Friday 6 July 2018

Week 13 Friday (Year 2)

Readings: Amos 8:4-6, 9-12; Psalm 119; Matthew 9:9-13

The gospel of Matthew can seem ordinary compared with the other three. Each of the others seems more exotic in some way, more unusual. Luke, represented by the ox, gives us more of the compassion of Jesus, more about women, and great parables not recorded elsewhere. John, represented by the eagle, soars to mystical heights and theological depths. Mark, represented by the lion, is more existentialist, surreal in parts, focused on secrets and suffering.

But Matthew is represented by the human being and is more ordinary. It is concerned with keeping things going and with holding things together.

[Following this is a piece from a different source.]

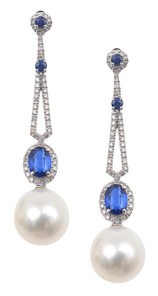 A PAIR OF SOUTH SEA PEARL AND SAPPHIRE EARRINGS

In this it is more social, perhaps even more 'churchy'. It is concerned with tradition and community, ways in which things will be held together. It gives us more of the history of things, the time before Jesus in his genealogy and it speaks of the time after Jesus, with the sending of the disciples. It speaks of continuity in the fulfillment of Old Testament promises. It stresses the abiding presence of Jesus in the community of his disciples: where two or three are gathered in his name, behold I am with you always, and the figure of Peter with his particular responsibility in the church is a confirmation of the continuing help of the Lord.

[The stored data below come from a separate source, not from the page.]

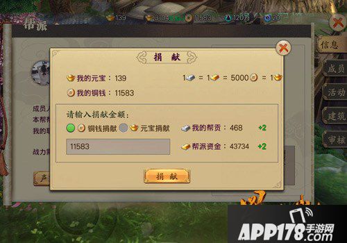 提升帮贡和帮派资产的最直接办法就是捐献,成员通过捐献铜钱和元宝获得,5000铜钱=1元宝=1帮派贡献=1帮派资产。
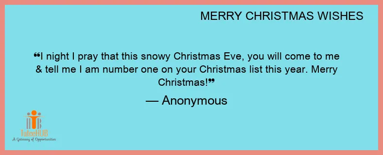 I night I pray that this snowy Christmas Eve, you will come to me & tell me I am number one on your Christmas list this year. Merry Christmas!
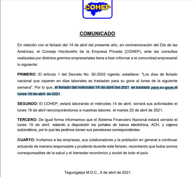 Tegucigalpa, Honduras. Mediante un comunicado oficial, el Consejo Hondureño de la Empresa Privada (Cohep), decidió trasladar feriado del Día de las Américas 14 de abril al 19 de abril de 2020.

Matthew is more ordinary, more human, then, than the other gospels. The call of Matthew is encouraging as the conversions of Paul and Peter, of Augustine and Teresa of Avila, are encouraging. Grace is not powerless before sin because where sin abounds, grace abounds all the more. But neither is grace powerless before the ordinary, routine, perhaps mediocre, turning of our days.

Christ came to call sinners, not those who are well. And he came to call ordinary and mediocre sinners not just the dramatically apostate, the desperately corrupt, the cruel and the callous. He came for those whose sins are mainly cowardice and weakness. Likewise he came not just for those tuned in to the mysticism of John or the existentialism of Mark or the dramatic emotional power of Luke. He came also for those who feel more secure in Matthew's world, a world of law and tradition, of social organisation and custom, of continuity and reliability.